═══ MATERIAL FOR THE TASK

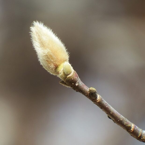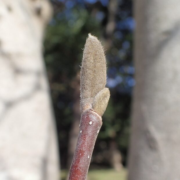 花芽は大きくてふわふわの毛におおわれ、 陽が当たるとキラキラとして目立ちます。 葉芽の毛は少し短く、 大きさも小さい芽です。
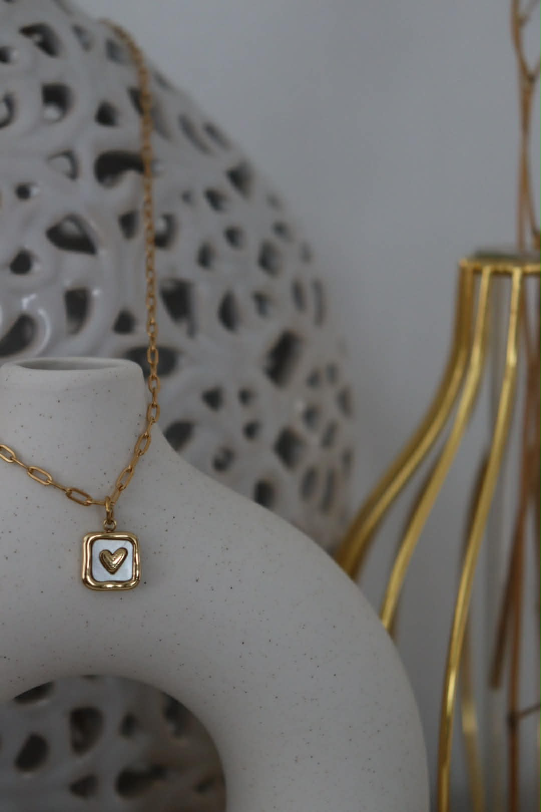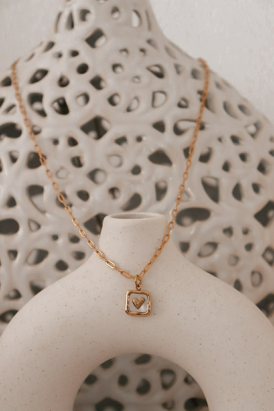 Collier avec une chaîne trombone comprenant une breloque avec un coeur.
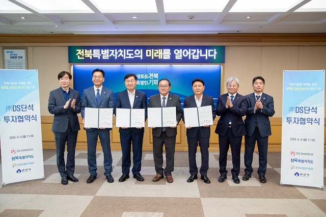 협약식에는 강임준 군산시장을 비롯해 김관영 전북도지사, 문문철 한국산업단지공단 전북본부장, 한승욱·김종완 디에스단석 공동대표가 참석했다.
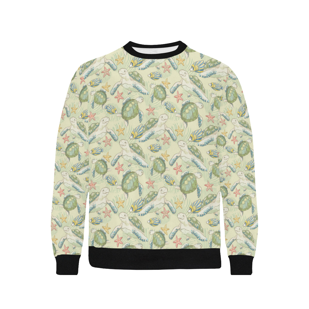 Hand drawn sea turtle fish pattern Men's Crew Neck Sweatshirt
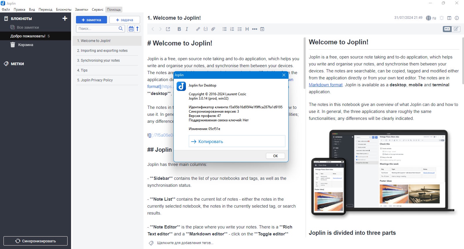 Ниже приведены основные технические характеристики Joplin 3.0.14, а также сведения о версиях и сборках, если таковые имеются.

══════

REQUIRED WORK —
Of the entries above, print exactly those lines that run from the one containing "Collier avec une" through the last line, excluding any pictures.

ANSWER BOX —
 Collier avec une chaîne trombone comprenant une breloque avec un coeur.
 협약식에는 강임준 군산시장을 비롯해 김관영 전북도지사, 문문철 한국산업단지공단 전북본부장, 한승욱·김종완 디에스단석 공동대표가 참석했다.
 Hand drawn sea turtle fish pattern Men's Crew Neck Sweatshirt
 Ниже приведены основные технические характеристики Joplin 3.0.14, а также сведения о версиях и сборках, если таковые имеются.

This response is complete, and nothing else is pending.